Exercise objective> Each entry should be copied as it stands, leaving the pictures behind.

Extracted information>
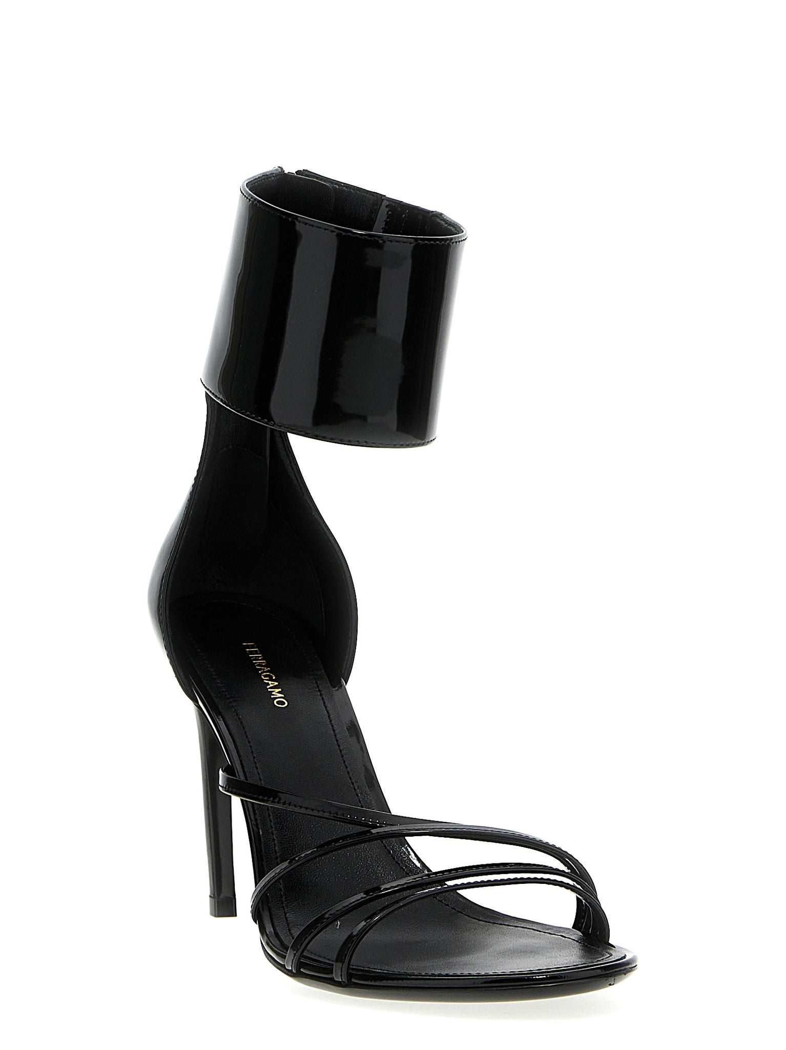 'clethra' sandals in shiny brushed nappa leather, Ankle strap with back zip, Curved heel. Size and Fit - US FERRAGAMO SIZE Heel: 8.5 cm 1C fit
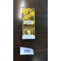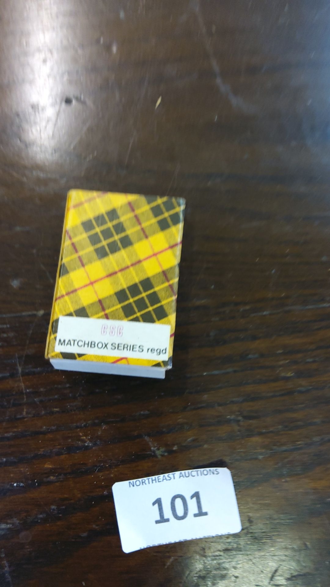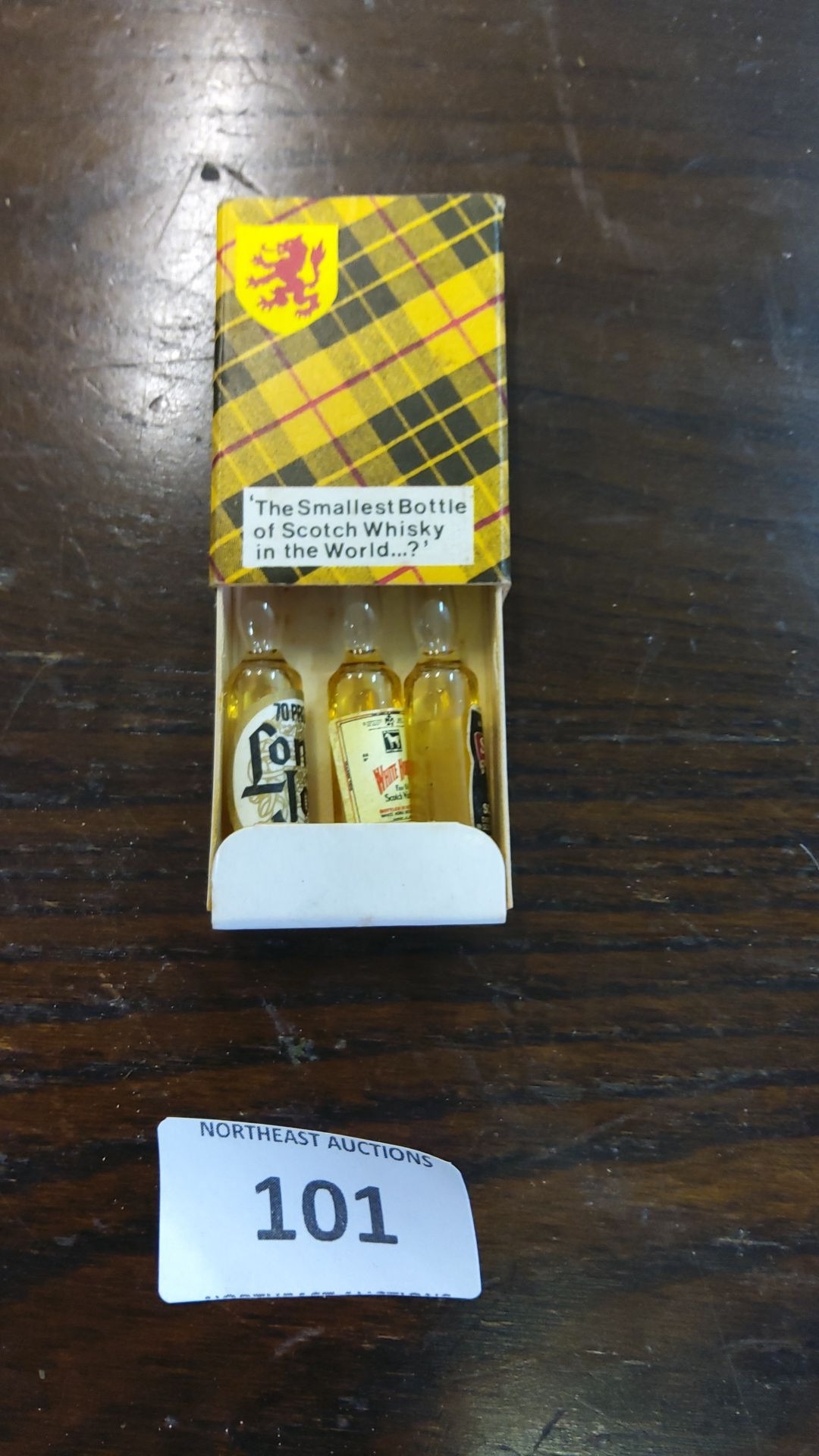 Matchbox Series featuring plaid design. Contains three small whisky bottles labeled as the smallest scotch in the world.
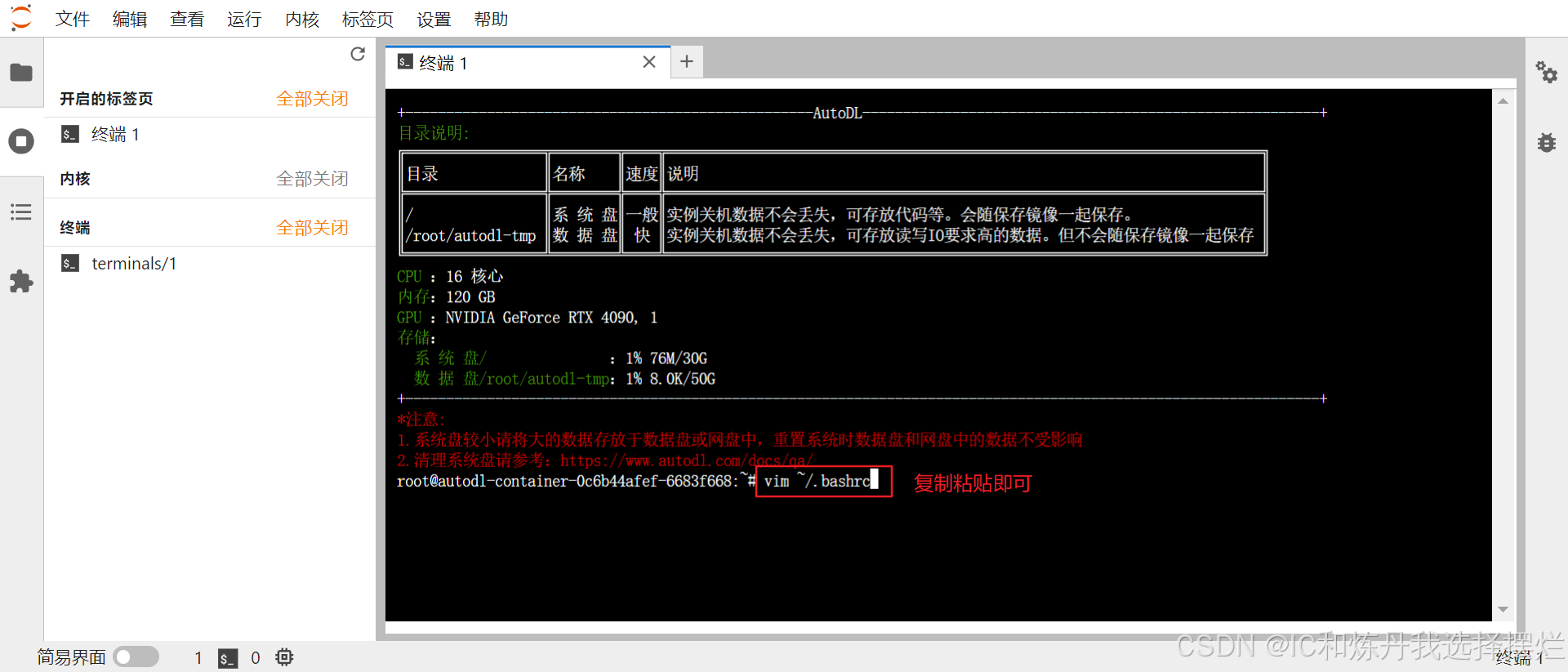 (1)点击jupyter lab,然后点击终端,进入如下界面
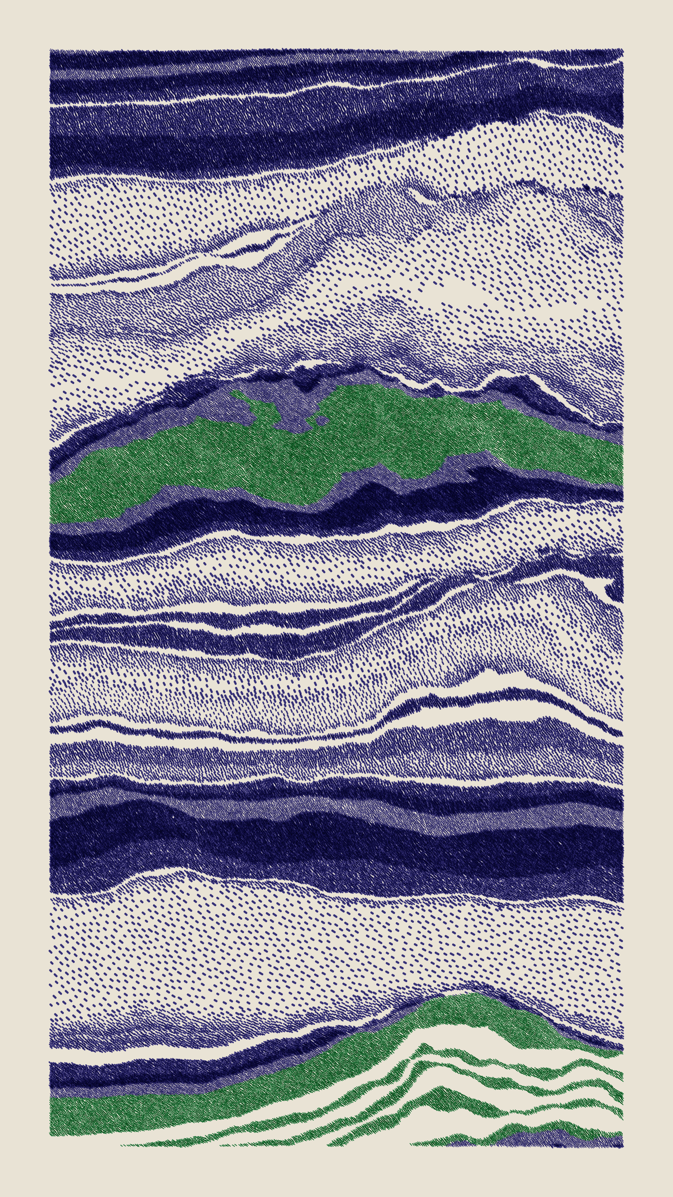 Stratified landforms constructed from many small strokes of colour. The hash of each token describes a coordinate within a multidimensional generative space, locating a unique composition that lies along one of many possible longitudes.
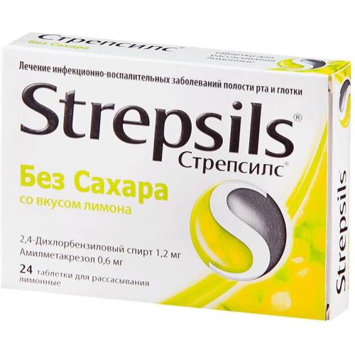 Таблетки для рассасывания медово-лимонные: желтые плоскоцилиндрические таблетки с изображением буквы S с 2-х сторон таблетки. Допускается белый налет, неравномерность окрашивания, наличие пузырьков воздуха в карамельной массе и незначительная неровность краев.
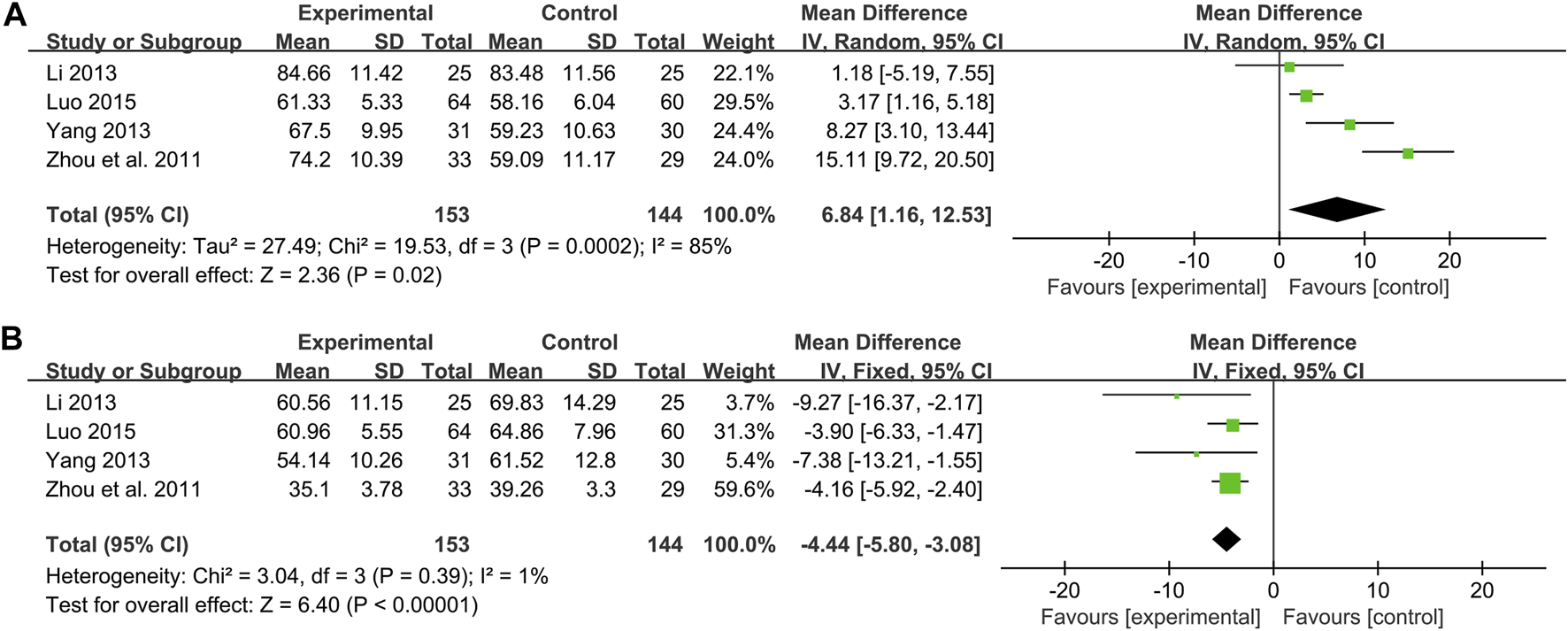 Four studies including 297 patients evaluated the effectiveness of CHM plus WM to WM on NO (Zhou et al., 2011; Li, 2013; Yang, 2013; Luo, 2015). According to the heterogeneity test (p < 0.01, I2 = 85%), a random effect model was used. The pooled result found statistical significance between combination treatment and WM in NO (MD = 6.84 μmol/L, 95%CI: 1.16 to 12.53, p = 0.02) (Figure 8A). Due to the small number of included studies, there were only 1 or two articles within each subgroup, which may lead to poor representation. So, subgroup analysis to explore sources of heterogeneity cannot be performed well. We speculated that the reason for the heterogeneity might be related to the different disease stages of the patients between studies, resulting in different impairment degrees of vascular endothelial function. This is partly responsible for differences in baseline levels and drug responsiveness between study points. Sensitivity analysis showed that Yang, 2013 was highly sensitive. After excluding it, the pooled result was reversed and no statistical significance (MD = 6.42 μmol/L, 95%CI: −1.27 to 14.11, p = 0.10) (Figure 4J, Supplementary Material S5), indicating that the result is not robust. Yang, 2013 had a partial weight in the pooled result due to its moderate sample size and small standard deviation. Therefore, we are more convinced of the pooled effect size involved in this study, considering that the improvement of NO with combination treatment may be better than that of WM alone. However, due to the small number of included studies and limited sample size, this finding is not fully conclusive and further high-quality studies are needed to confirm it.

Response below>
 'clethra' sandals in shiny brushed nappa leather, Ankle strap with back zip, Curved heel. Size and Fit - US FERRAGAMO SIZE Heel: 8.5 cm 1C fit
 Matchbox Series featuring plaid design. Contains three small whisky bottles labeled as the smallest scotch in the world.
 (1)点击jupyter lab,然后点击终端,进入如下界面
 Stratified landforms constructed from many small strokes of colour. The hash of each token describes a coordinate within a multidimensional generative space, locating a unique composition that lies along one of many possible longitudes.
 Таблетки для рассасывания медово-лимонные: желтые плоскоцилиндрические таблетки с изображением буквы S с 2-х сторон таблетки. Допускается белый налет, неравномерность окрашивания, наличие пузырьков воздуха в карамельной массе и незначительная неровность краев.
 Four studies including 297 patients evaluated the effectiveness of CHM plus WM to WM on NO (Zhou et al., 2011; Li, 2013; Yang, 2013; Luo, 2015). According to the heterogeneity test (p < 0.01, I2 = 85%), a random effect model was used. The pooled result found statistical significance between combination treatment and WM in NO (MD = 6.84 μmol/L, 95%CI: 1.16 to 12.53, p = 0.02) (Figure 8A). Due to the small number of included studies, there were only 1 or two articles within each subgroup, which may lead to poor representation. So, subgroup analysis to explore sources of heterogeneity cannot be performed well. We speculated that the reason for the heterogeneity might be related to the different disease stages of the patients between studies, resulting in different impairment degrees of vascular endothelial function. This is partly responsible for differences in baseline levels and drug responsiveness between study points. Sensitivity analysis showed that Yang, 2013 was highly sensitive. After excluding it, the pooled result was reversed and no statistical significance (MD = 6.42 μmol/L, 95%CI: −1.27 to 14.11, p = 0.10) (Figure 4J, Supplementary Material S5), indicating that the result is not robust. Yang, 2013 had a partial weight in the pooled result due to its moderate sample size and small standard deviation. Therefore, we are more convinced of the pooled effect size involved in this study, considering that the improvement of NO with combination treatment may be better than that of WM alone. However, due to the small number of included studies and limited sample size, this finding is not fully conclusive and further high-quality studies are needed to confirm it.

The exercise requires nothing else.